TRY IT: Word for word, transcribe the listing that follows, minus any pictures.

DATA SECTION:
-------------------------
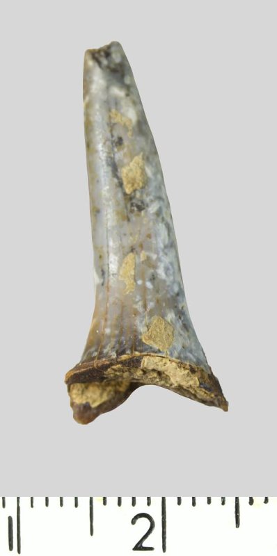 Зуб (фрагмент). Акула. Hispidaspis sp. Классификация: Хордовые Chordata, Позвоночные Vertebrata, Хрящевые рыбы Chondrichthyes, Пластиножаберные Elasmobranchii
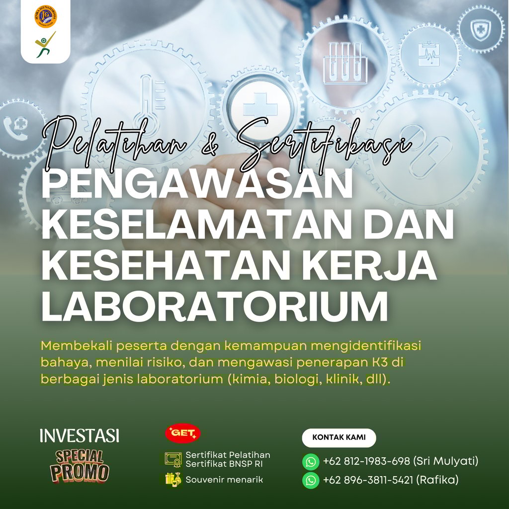 Pelatihan dan Sertifikasi Pengawasan Keselamatan dan Kesehatan Kerja Laboratorium adalah program pelatihan yang dirancang untuk membekali peserta dengan kompetensi dalam melakukan pengawasan pelaksanaan K3 di lingkungan laboratorium, yang memiliki potensi bahaya tinggi akibat penggunaan bahan kimia, biologi, fisik, dan peralatan khusus. Program ini juga memberikan sertifikasi dari Badan Nasional Sertifikasi Profesi (BNSP) sebagai bukti kompetensi peserta dalam skema Pengawasan Keselamatan dan Kesehatan Kerja Laboratorium.
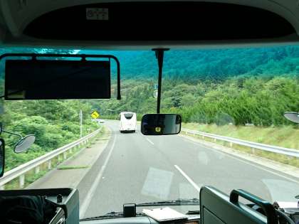 ちょっとバス酔いしている人もいますが、車中はゲームや歌で盛り上がっています。
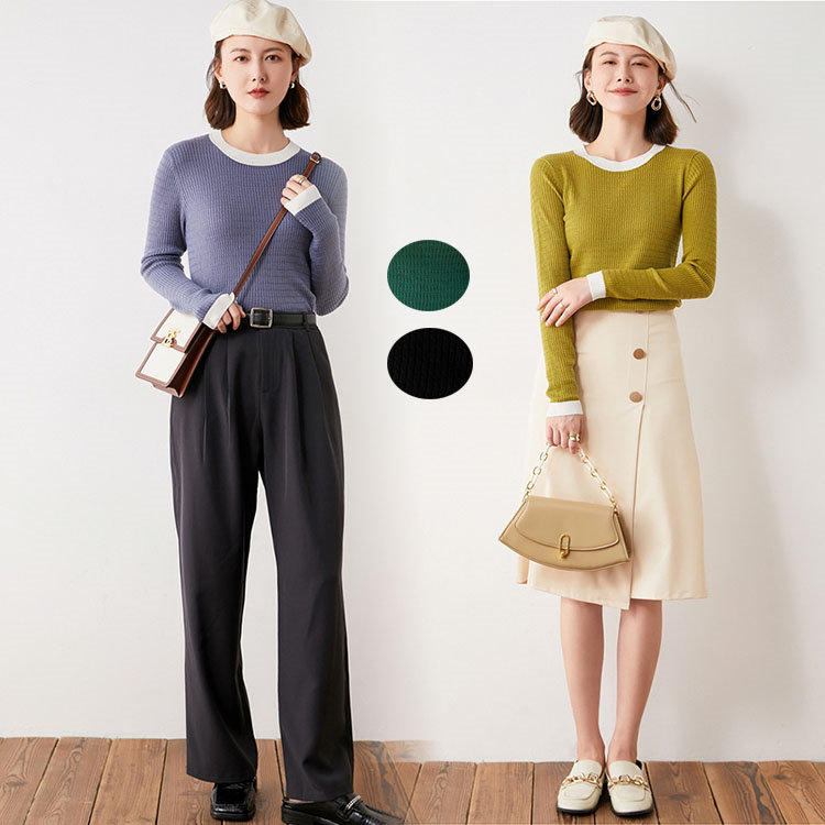 セーター ネック 無地 カットソー レデイース トップス おしゃれ ニット 春秋 長袖 タイト 同窓会 普段着 着やせ ベーシック ホワイト ブラック ピンク ブルー カジュアル お出かけ -0
-------------------------
REPLY TO THE EXERCISE:
 Зуб (фрагмент). Акула. Hispidaspis sp. Классификация: Хордовые Chordata, Позвоночные Vertebrata, Хрящевые рыбы Chondrichthyes, Пластиножаберные Elasmobranchii
 Pelatihan dan Sertifikasi Pengawasan Keselamatan dan Kesehatan Kerja Laboratorium adalah program pelatihan yang dirancang untuk membekali peserta dengan kompetensi dalam melakukan pengawasan pelaksanaan K3 di lingkungan laboratorium, yang memiliki potensi bahaya tinggi akibat penggunaan bahan kimia, biologi, fisik, dan peralatan khusus. Program ini juga memberikan sertifikasi dari Badan Nasional Sertifikasi Profesi (BNSP) sebagai bukti kompetensi peserta dalam skema Pengawasan Keselamatan dan Kesehatan Kerja Laboratorium.
 ちょっとバス酔いしている人もいますが、車中はゲームや歌で盛り上がっています。
 セーター ネック 無地 カットソー レデイース トップス おしゃれ ニット 春秋 長袖 タイト 同窓会 普段着 着やせ ベーシック ホワイト ブラック ピンク ブルー カジュアル お出かけ -0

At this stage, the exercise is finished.